The U.S. economy added 139,000 new jobs last month, surpassing economists’ expectations and indicating that the U.S. labor market remains in a robust position.
The median estimate suggested 130,000 new jobs and a 4.2 percent jobless rate, FactSet Insights reported ahead of the May employment figures.
Average hourly earnings rose by 0.4 percent monthly, higher than the consensus estimate. On a year-over-year basis, average hourly earnings were unchanged at a higher-than-expected 3.9 percent.
Shortly after the employment data were released, President Donald Trump touted the May jobs report.
The labor force participation rate dipped to 62.4 percent from 62.6 percent. Average weekly hours were also flat, at 34.3.
Health care led last month’s employment gains, with payrolls rising by 62,000 and above the 12-month average of 44,000.

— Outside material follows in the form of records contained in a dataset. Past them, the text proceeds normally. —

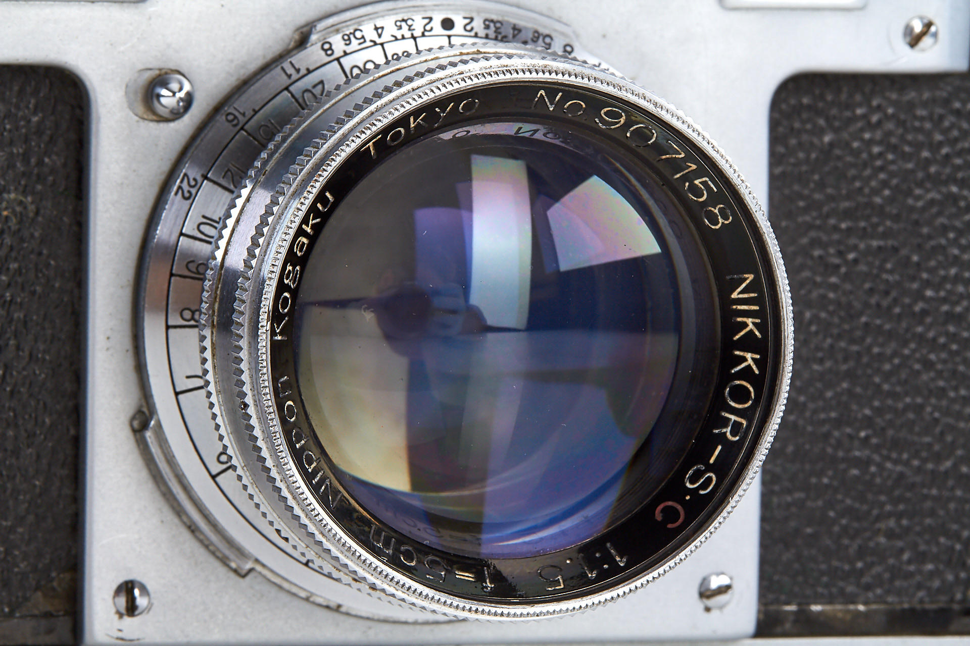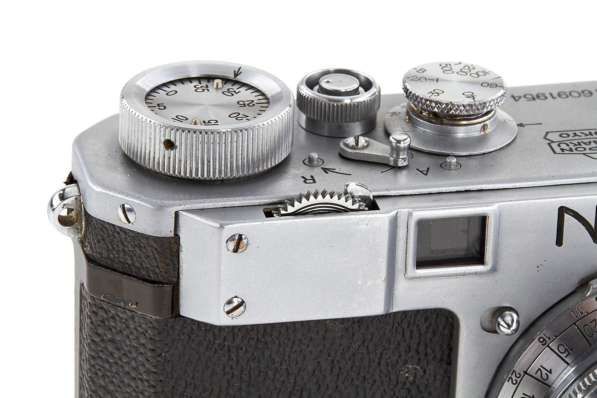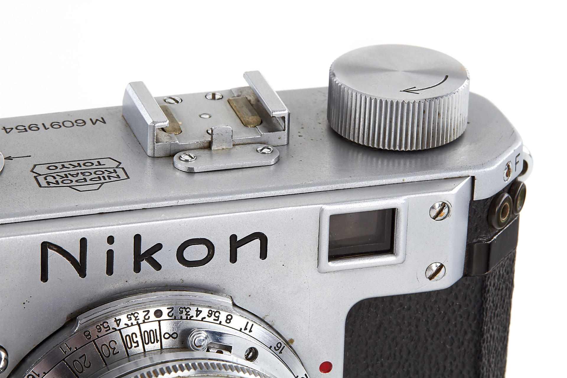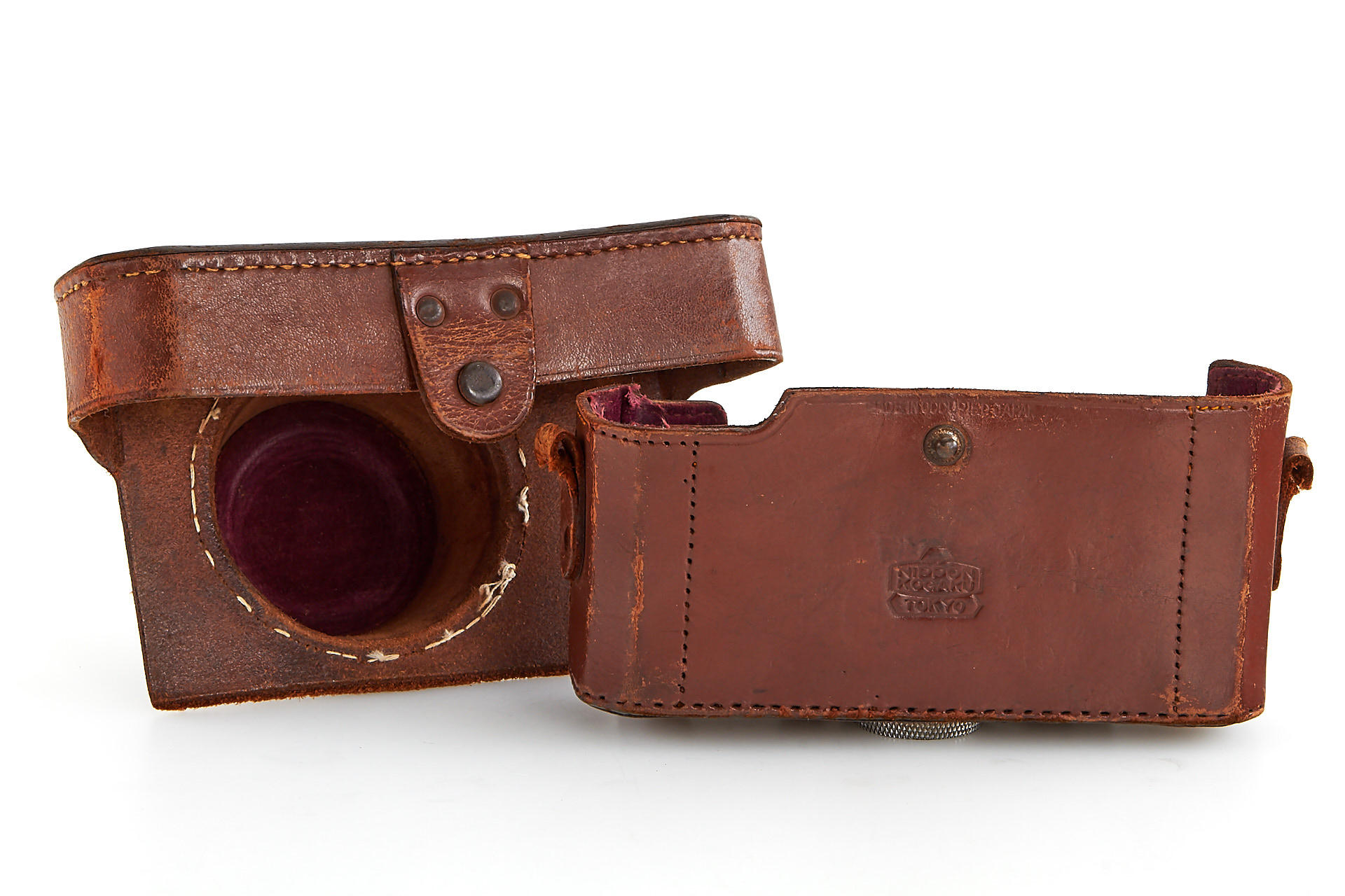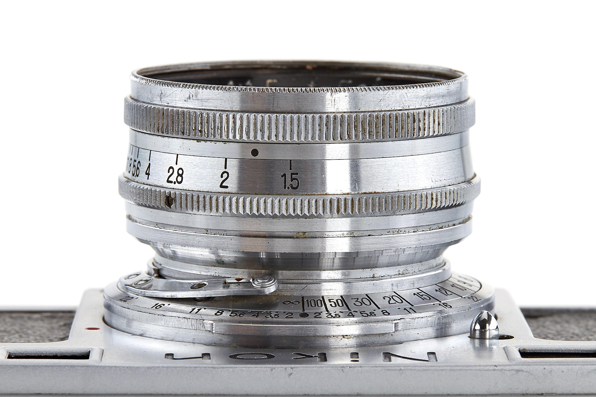 in very fine condition, with later factory added black synch. plugs - M6091948 and M6091975 are unsynched - just a few made with 2-piece accessory shoe, back inside engraved '6091954', one of the first bodies with the 'MIOJ' engraving moved as an imprint into the leather on the lower left side of the back, with very rare and early matching Nikkor-S.C. 1.5/5cm no.907158, only 389 made in Nikon mount, from a total of 797 lenses (clear optics with just a few marks), camera in good working order, with maker's original brown leather ever-ready case, the back stamped 'Made In Occupied Japan'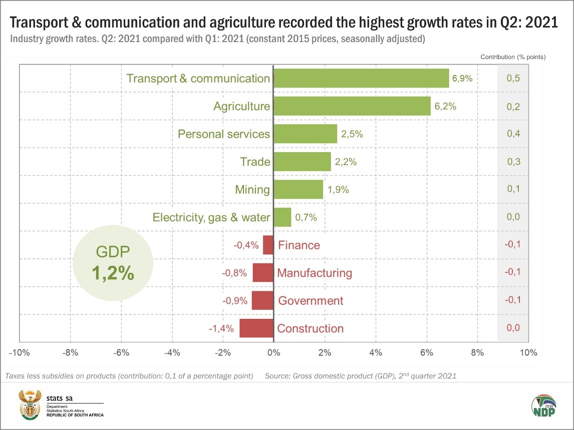 南非统计局9月7日公布的第二季度国内生产总值(GDP)数据显示,南非2021年第二季度国内生产总值(GDP)增长1.2%,超出此前大多数经济学家的预期,这也是南非经济连续第四个季度实现正增长。
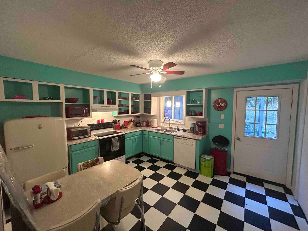 It had been decades since I had experienced a waterbed, so it was great fun to give it another try! For those who prefer a standard bed, Dan’s also got a king size one. Add in a jacuzzi and a jukebox and you’re sure to have a groovy time!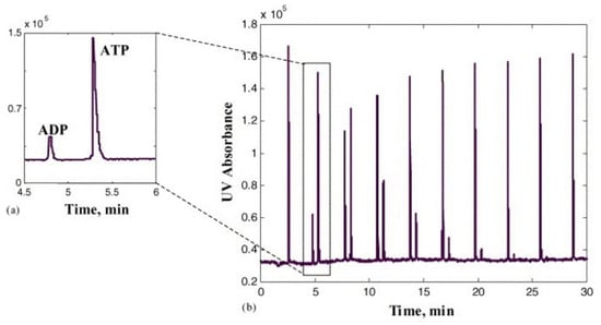 The same FIA–CE interface with membrane valves and gas exchange pumps (controlled by solenoid valves) has been used for studying the flows originating from various bioprocesses. Among these processes are monitoring of the enzymatic conversion of adenosine triphosphate to adenosine diphosphate [8], monitoring of the kinetics of the metabolic conversion of ATP to ADP catalyzed by MgATPases of muscle Gastrocnemius skinned fibers [9], monitoring of the degradation of phenols by Rhodococcus bacteria [10], and monitoring of the bioaccumulation of Cu, Zn, Co, and Cd by the Rhodococcus sp. bacteria (isolated from highly polluted technogenic soil in Estonia) [11]. As an example of these applications, in Figure 4, electropherograms describing the conversion of ATP to ADP by hexokinase are shown. Peaks for the product (ADP) increase, while peaks for the substrate (ATP) decrease [8].
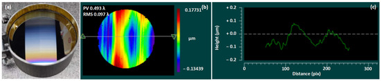 Due to the low diffraction efficiency of holographic gratings, the manufacturing method of mechanical engraving was selected. The depth of the grating grooves is 0.32 μm with a blazed angle of 2.4 degrees after manufacturing. The wavefront quality of the grating surface measured with an interferometer is shown in Figure 13. The result shows that the RMS is 0.097 λ, constrained by the high efficiency of the grating.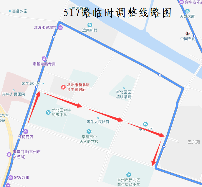 517路:由皮革城路橋(南洋廣場(chǎng))始發(fā),按原線行駛至天禧路迎賓路路口后,臨時(shí)調(diào)整行駛迎賓路,至迎賓路興苑路口后,恢復(fù)原行駛線路至奔牛萬(wàn)家富。撤消天禧路(迎賓路—運(yùn)南路)、運(yùn)南路(天禧路—興苑路)、興苑路(運(yùn)南路—迎賓路)行駛路段,同步撤消“天禧橋”、“奔牛福利院”雙向??空?,臨時(shí)調(diào)整路段增設(shè)“奔牛鎮(zhèn)政府”、“奔牛土管所”雙向臨時(shí)停靠站。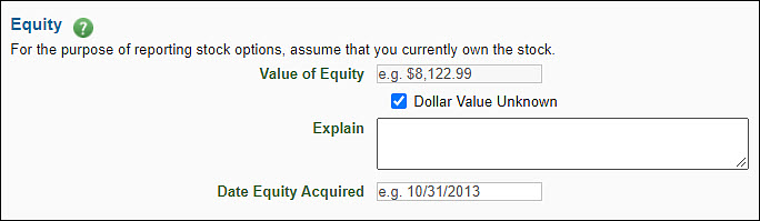 | Dollar Value Unknown | Check this if the value of the equity is unknown. If checked, an explanation field will display. You must include an explanation. |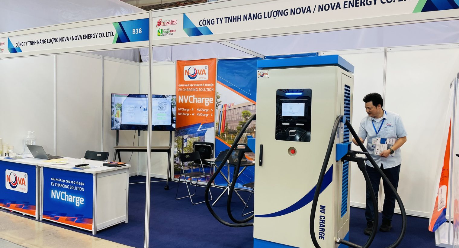 Đến với sự kiện này, NOVA ENERGY đã giới thiệu Giải pháp trạm sạc xe điện NVCharge bao gồm sản phẩm sạc tiêu chuẩn NVCharge S có công suất 60 – 320kW với nhiều tính năng tối ưu, platform quản lý năng lượng thông minh. Giải pháp sạc NVCharge đã thu hút sự chú ý nhờ tốc độ sạc nhanh và khả năng tương thích với mọi dòng xe điện trên thị trường từ nội địa đến nhập khẩu.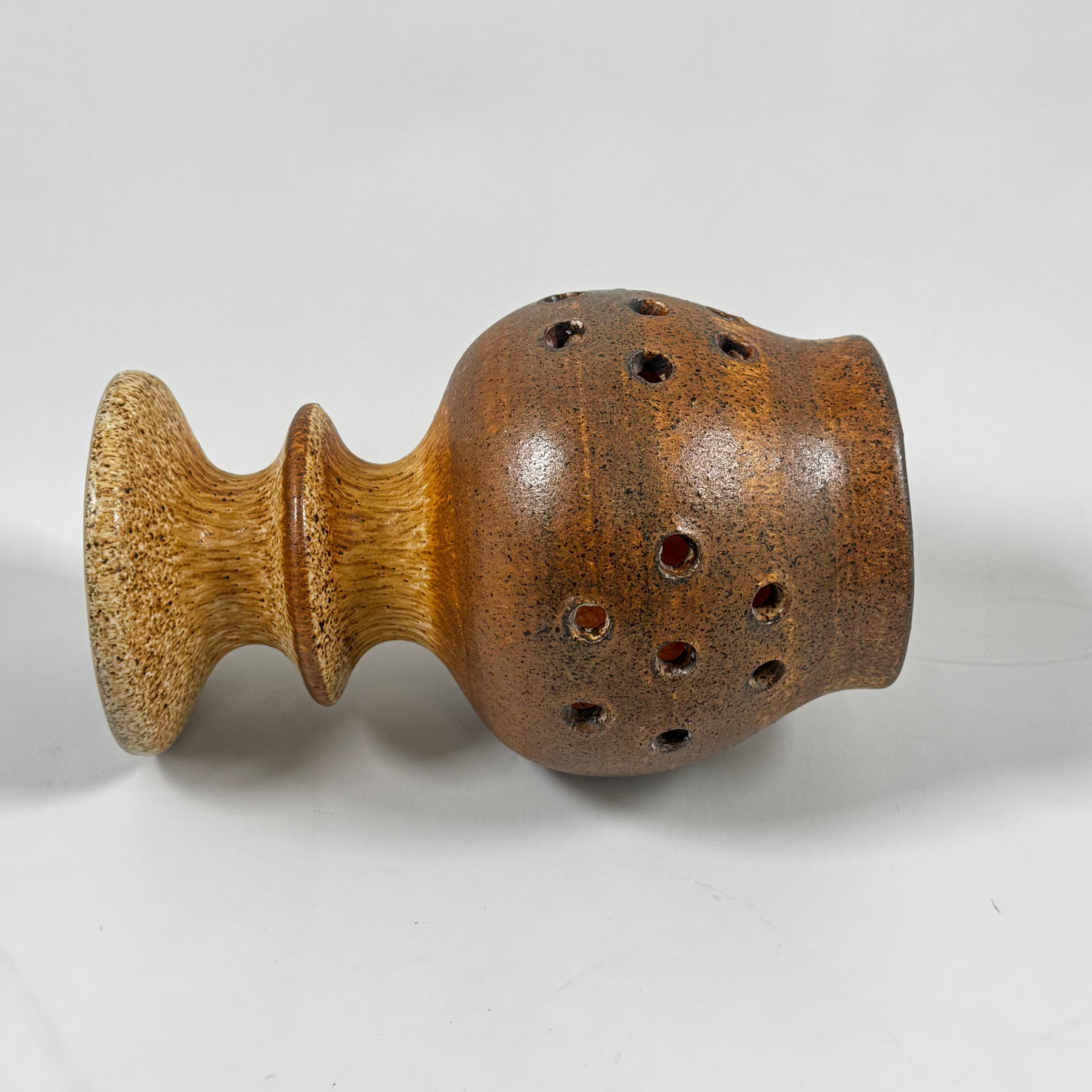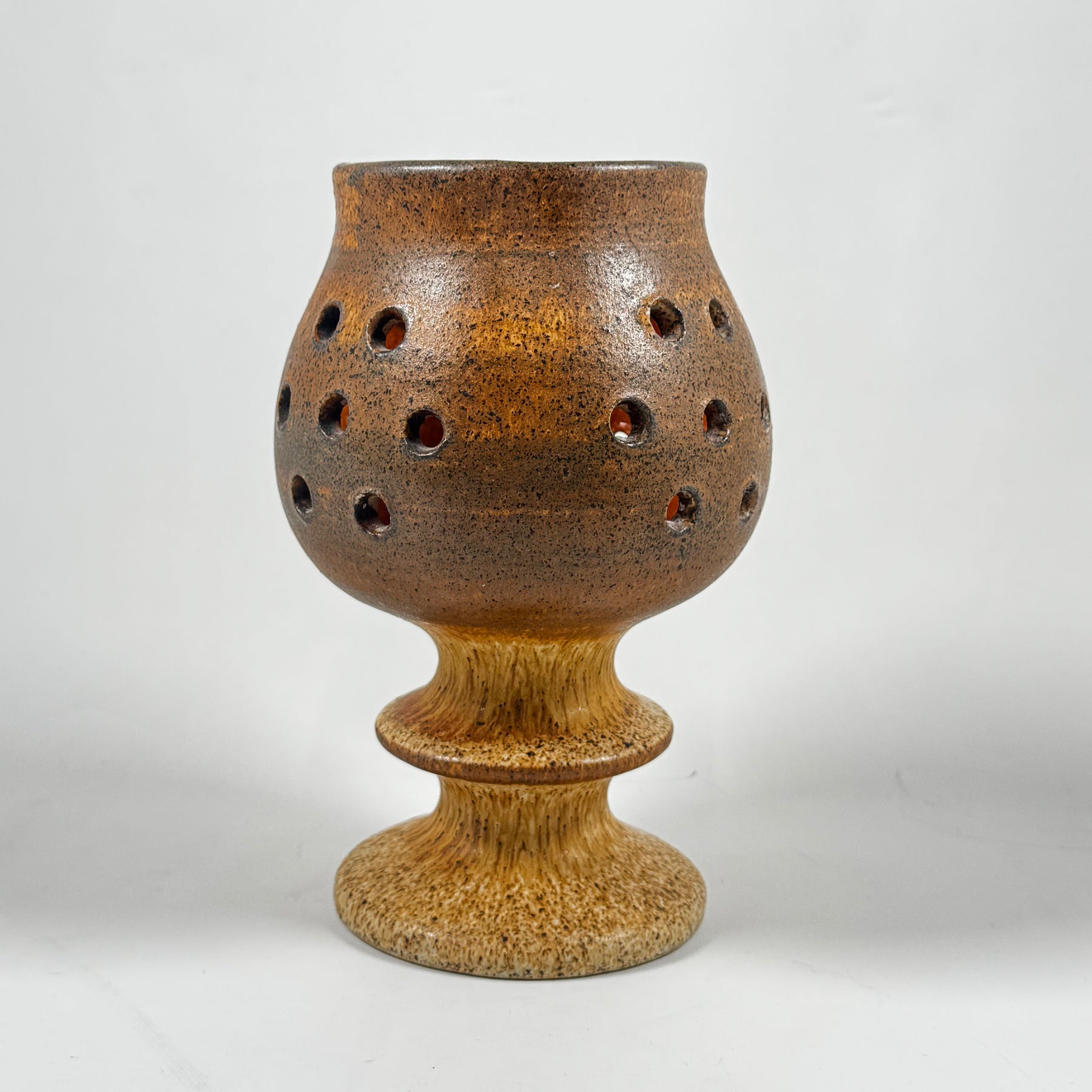 Denna dekorativa vas är skapad av Ego Stengods Ateljé, kända för sin högkvalitativa keramik och omisskännliga stil. Vase har en intressant struktur med perforeringar som ger ett spännande ljusspel när den används med en ljuskälla inuti. Dess rustika och robusta design gör den till ett perfekt inslag i varje hem eller som en uppskattad gåva. Varan är begagnad men fortfarande i mycket gott skick, vilket gör den till ett utmärkt köp.

Employment in leisure and hospitality surged by 48,000, followed by social assistance (16,000).
Federal government employment fell by 22,000 and is down by 59,000 since the beginning of the year. Manufacturing payrolls also slumped by 8,000.
The household portion of the nonfarm payrolls report, which removes duplication, revealed a sharp decline of 696,000 new jobs.
Full-time employment decreased by 623,000, while part-time jobs edged up by 33,000. The number of people working two or more jobs decreased for the second straight month, declining by 283,000.
In a sign that individuals who have been out of work for 27 weeks or more may be finding employment, the number of long-term unemployed fell by 218,000 to 1.5 million.
The divergence between U.S.- and foreign-born workers has been a key feature in the labor market over the past several years. Last month, both categories of workers shed jobs.
The number of employed native-born workers declined by 444,000, and the number of employed foreign-born workers fell by 224,000.
Market Reaction
Investors cheered the latest employment data before the opening bell.The leading U.S. stock market benchmark averages advanced by as much as 0.8 percent.
Yields on U.S. Treasury securities were also in the green. The benchmark 10-year Treasury yield firmed above 4.45 percent.
The U.S. dollar index, a measure of the greenback against a weighted basket of currencies, rose by about 0.3 percent. Still, the index is poised for a weekly loss of 0.3 percent and is down by nearly 9 percent this year.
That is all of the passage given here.